▸ **Task brief**:
Nothing but the lines below from the one that contains "Zarząd Stowarzyszenia zawiadamia, że" through the one that contains "Distribution of articles" should be retyped, exactly and including both ends. Do not include pictures.

***** Raw data

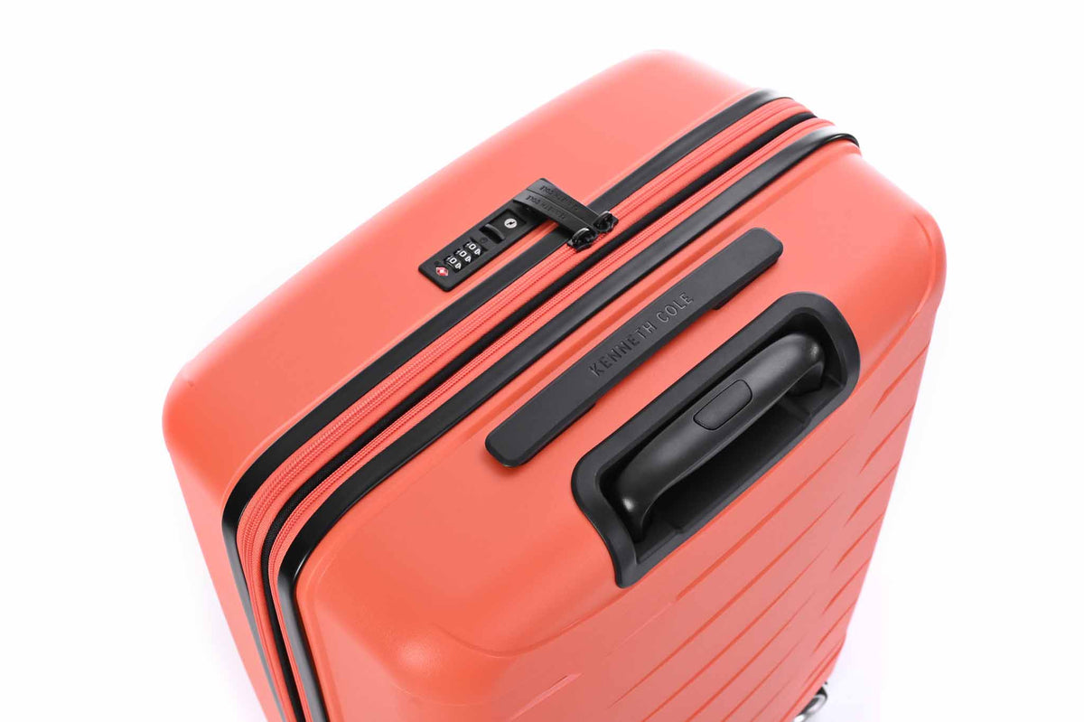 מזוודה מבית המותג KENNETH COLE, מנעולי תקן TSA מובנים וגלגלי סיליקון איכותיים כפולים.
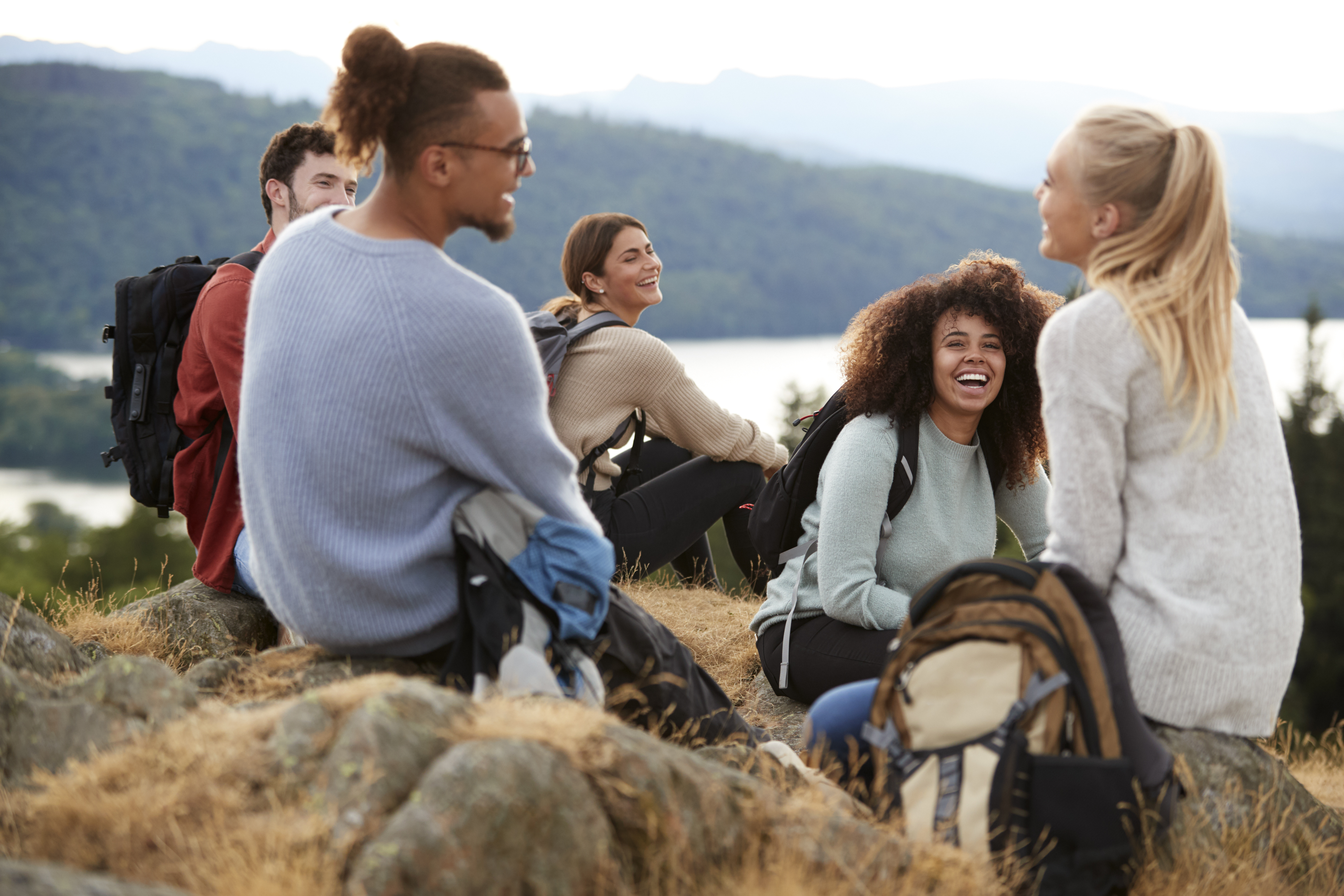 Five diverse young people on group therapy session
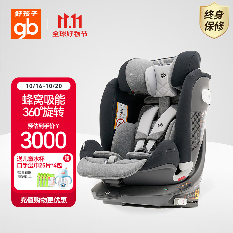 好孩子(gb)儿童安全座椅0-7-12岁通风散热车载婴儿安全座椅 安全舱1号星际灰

**********
***** Raw data

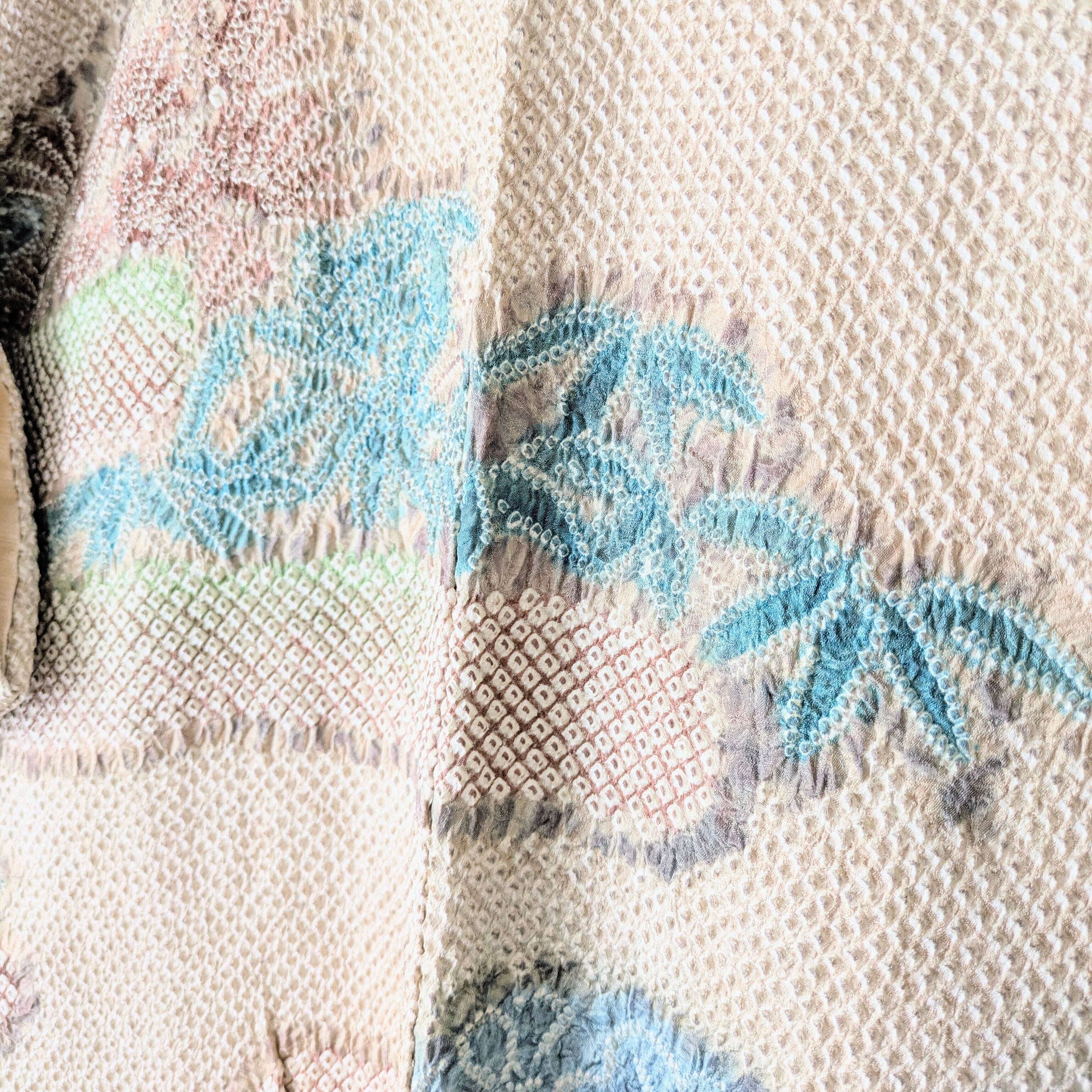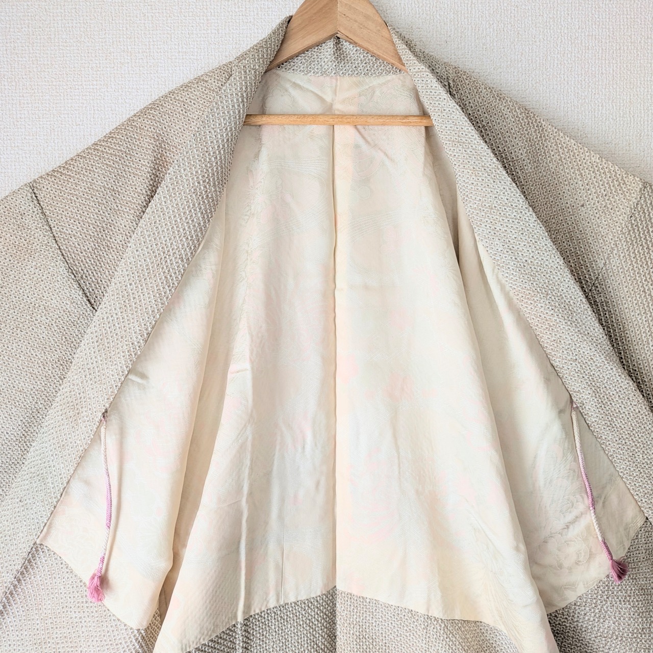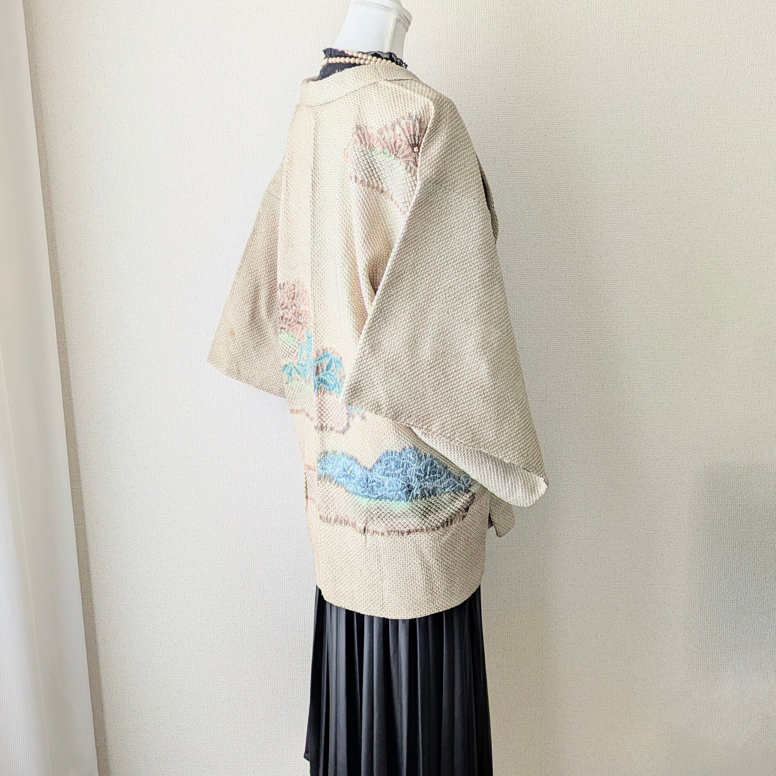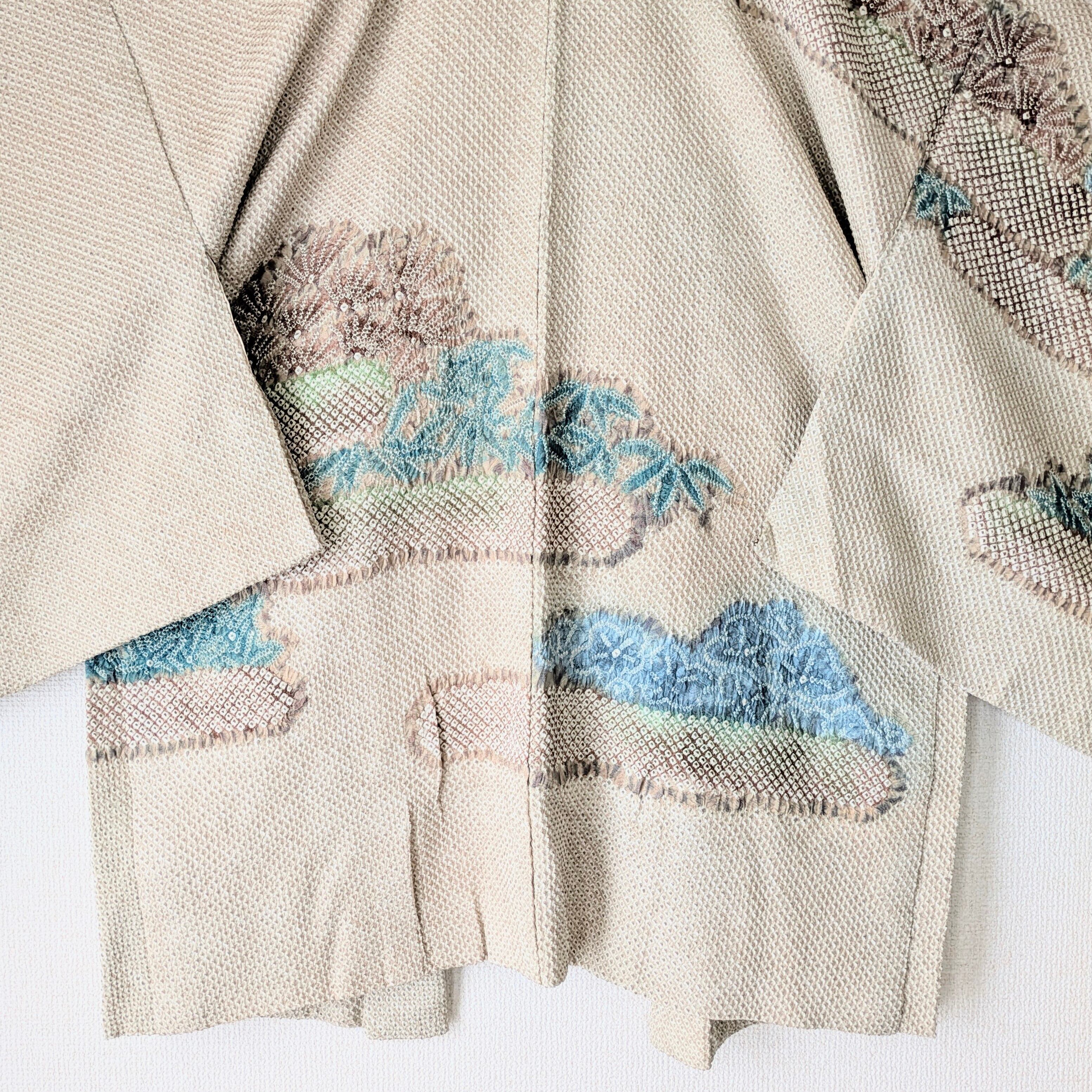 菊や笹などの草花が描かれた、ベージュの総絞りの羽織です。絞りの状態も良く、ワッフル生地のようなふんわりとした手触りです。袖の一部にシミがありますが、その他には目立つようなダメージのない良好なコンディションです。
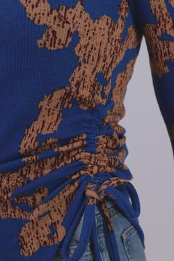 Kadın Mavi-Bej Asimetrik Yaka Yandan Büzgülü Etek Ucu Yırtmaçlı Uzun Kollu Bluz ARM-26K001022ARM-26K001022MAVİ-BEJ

**********
***** Raw data

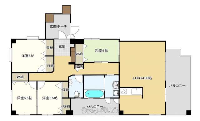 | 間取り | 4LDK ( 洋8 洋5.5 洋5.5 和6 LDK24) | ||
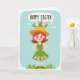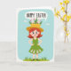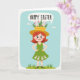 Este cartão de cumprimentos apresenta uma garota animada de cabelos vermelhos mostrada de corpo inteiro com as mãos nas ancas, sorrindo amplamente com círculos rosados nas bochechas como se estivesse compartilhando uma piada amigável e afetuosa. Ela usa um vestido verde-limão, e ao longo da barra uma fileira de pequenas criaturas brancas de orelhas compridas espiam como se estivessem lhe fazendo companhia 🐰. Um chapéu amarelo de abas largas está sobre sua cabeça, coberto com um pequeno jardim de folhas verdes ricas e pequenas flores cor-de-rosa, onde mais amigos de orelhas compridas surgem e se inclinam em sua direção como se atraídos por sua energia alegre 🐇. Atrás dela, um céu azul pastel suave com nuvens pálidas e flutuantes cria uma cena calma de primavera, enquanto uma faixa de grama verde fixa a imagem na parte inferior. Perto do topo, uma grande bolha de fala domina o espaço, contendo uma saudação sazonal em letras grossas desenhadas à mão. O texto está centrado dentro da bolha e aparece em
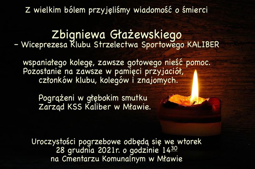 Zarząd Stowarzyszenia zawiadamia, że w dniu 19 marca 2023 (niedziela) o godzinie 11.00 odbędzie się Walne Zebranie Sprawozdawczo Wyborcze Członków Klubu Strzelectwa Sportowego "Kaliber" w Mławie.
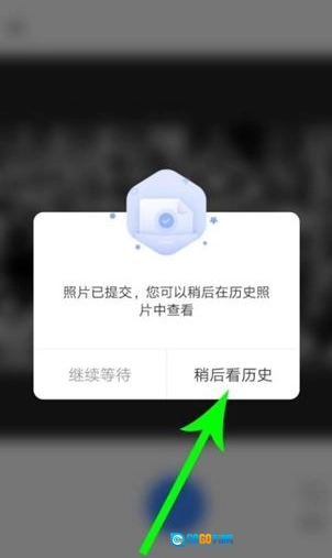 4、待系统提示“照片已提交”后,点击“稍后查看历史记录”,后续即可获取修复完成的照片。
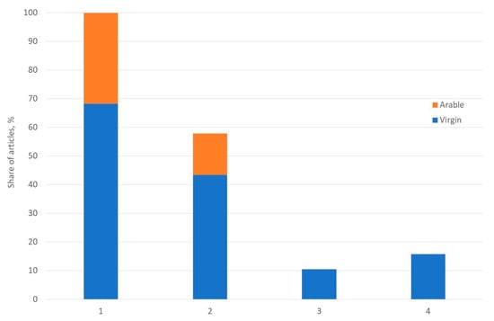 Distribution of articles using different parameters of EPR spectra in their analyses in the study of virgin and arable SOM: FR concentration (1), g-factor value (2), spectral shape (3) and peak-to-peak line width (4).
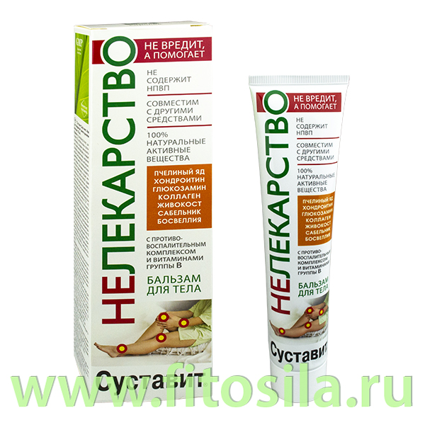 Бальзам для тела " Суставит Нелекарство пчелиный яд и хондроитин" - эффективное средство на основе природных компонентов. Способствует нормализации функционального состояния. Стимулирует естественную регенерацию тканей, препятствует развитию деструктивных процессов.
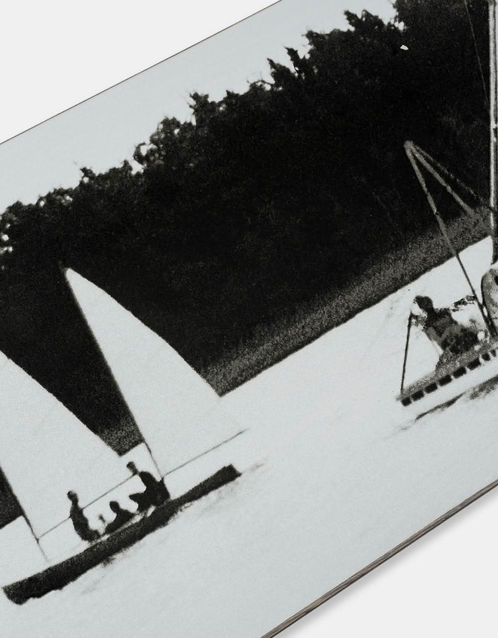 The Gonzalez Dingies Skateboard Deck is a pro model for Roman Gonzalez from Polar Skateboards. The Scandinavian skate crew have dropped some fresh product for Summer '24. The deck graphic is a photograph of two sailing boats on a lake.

**********

▸ **Result of this task**:
 Zarząd Stowarzyszenia zawiadamia, że w dniu 19 marca 2023 (niedziela) o godzinie 11.00 odbędzie się Walne Zebranie Sprawozdawczo Wyborcze Członków Klubu Strzelectwa Sportowego "Kaliber" w Mławie.
 4、待系统提示“照片已提交”后,点击“稍后查看历史记录”,后续即可获取修复完成的照片。
 Distribution of articles using different parameters of EPR spectra in their analyses in the study of virgin and arable SOM: FR concentration (1), g-factor value (2), spectral shape (3) and peak-to-peak line width (4).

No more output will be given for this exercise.